### [GIVEN MATERIAL]
************
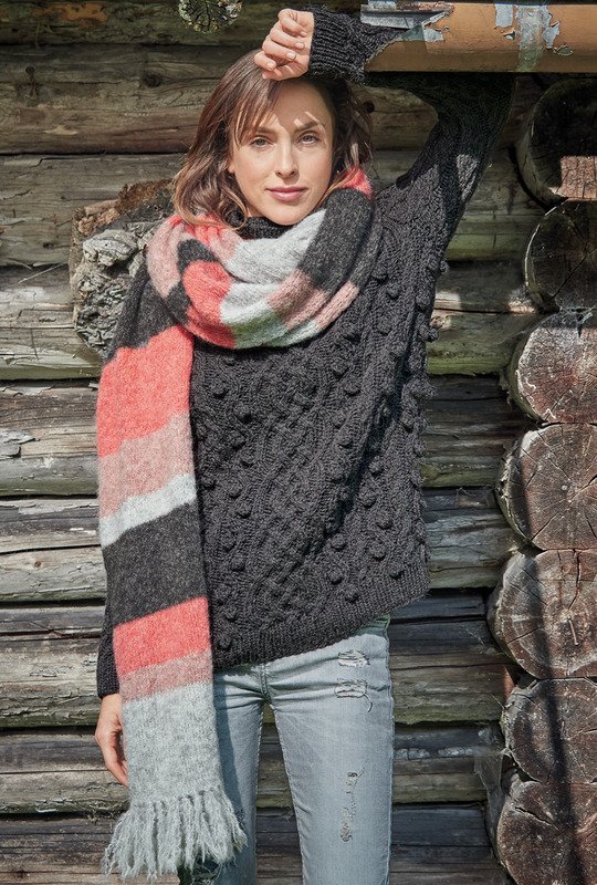 Der dunkelgraue Noppen-Zopf-Pulli in einer für Aranpullis typischen Maschenvielfalt ist für sich allein schon eine Augenweide. Wenn dann aber noch der gestreifte XXL-Schal aus kuschelweichem Flauschgarn in Hell- und Dunkelgrau sowie Rosa und Melone dazukommt, steht einem langen Spaziergang bei Frost und Kalte nichts mehr im Wege. Der hohe Rollkragen wärmt noch zusätzlich; er ist, wie die Bündchen, im 1/1-Rippenmuster gearbeitet. Die Anleitung kannst du für die Größen 38/40, 42/44 und 48/50 herunterladen und für den Schal mit 42 x 250 cm.
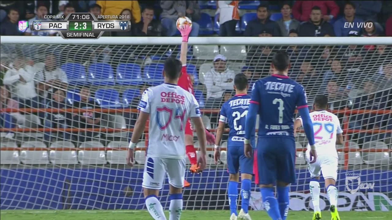 El recién ingresado al juego ‘Chaco’ Giménez intentó de media distancia y el arquero de Monterrey desvió al tiro de esquina con espectacular volada.
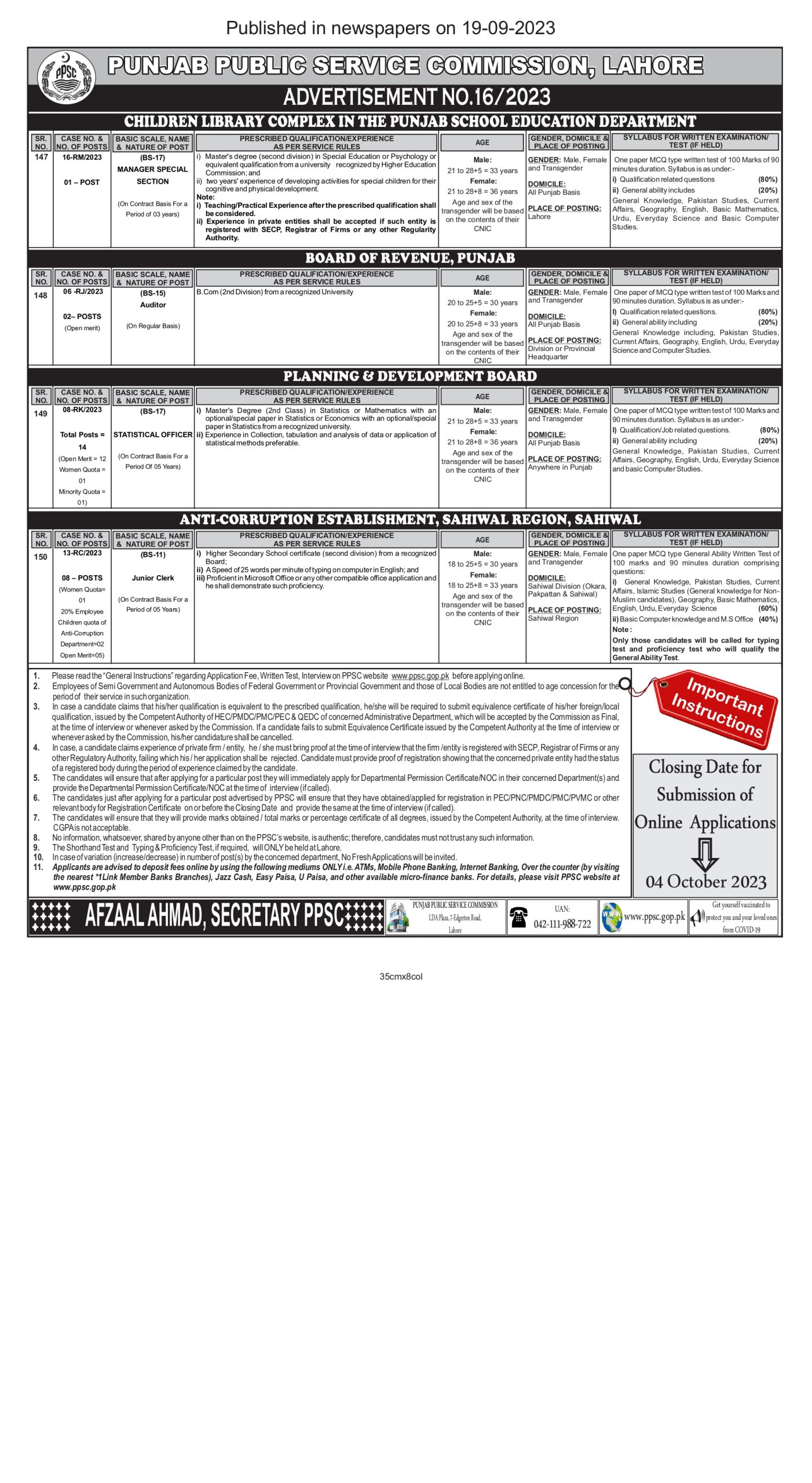 PPSC Job Details 2023
************
### [TASK GOAL]
Please repeat every line of the material above exactly and without its pictures.

### [WRITTEN ANSWER]
 Der dunkelgraue Noppen-Zopf-Pulli in einer für Aranpullis typischen Maschenvielfalt ist für sich allein schon eine Augenweide. Wenn dann aber noch der gestreifte XXL-Schal aus kuschelweichem Flauschgarn in Hell- und Dunkelgrau sowie Rosa und Melone dazukommt, steht einem langen Spaziergang bei Frost und Kalte nichts mehr im Wege. Der hohe Rollkragen wärmt noch zusätzlich; er ist, wie die Bündchen, im 1/1-Rippenmuster gearbeitet. Die Anleitung kannst du für die Größen 38/40, 42/44 und 48/50 herunterladen und für den Schal mit 42 x 250 cm.
 El recién ingresado al juego ‘Chaco’ Giménez intentó de media distancia y el arquero de Monterrey desvió al tiro de esquina con espectacular volada.
 PPSC Job Details 2023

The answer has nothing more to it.